Captivated by the littler girl’s lively personality, the Rogers invited her to their sell-out show and to lunch at the city’s upmarket Caledonia Hotel.

Within a fortnight Marion, dressed in a kilt, was on board a plane, destined for California.

At first, she struggled to understand why the couple wanted her to join them in America. “Everyone was gobsmacked,” she says. “Part of me thought it was not going to happen. I was not a cute little five or six-year-old, I was 13. Then I thought ‘maybe it’s true’. And then they sent the tickets.”

Mimi packed her bags for the trip, unaware that she would be leaving Edinburgh and her siblings behind for good. “I didn’t know I’d never come back,” she adds.

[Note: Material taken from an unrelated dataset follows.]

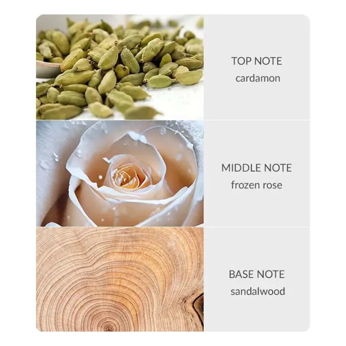 This icy and intoxicating blend of aromatic cardamom, cool sandalwood, and frost-kissed rose evokes woodland walks in nature’s winter tranquillity.

Although she kept in touch with her natural family, she only returned years later after she was married and with a daughter of her own.

The Rogers had initially faced a legal struggle to adopt the little girl but battled on until they were finally confirmed as her new parents.

Mimi, now 79, was one of several children the couple fostered and adopted. She went on to marry a Native American, while her famous parents drifted into retirement.

One of the most popular movie and Western stars of his era, Roy Rogers died in 1998, followed three years later by his wife, Dale.

Their decision to pluck the young Scots girl from Edinburgh for California altered her life forever, but Mimi says she had no regrets about her new “home on the range”.

“It sounds like very cold-hearted, but I didn’t want to come home,” she says of Edinburgh. “I felt like I was home.”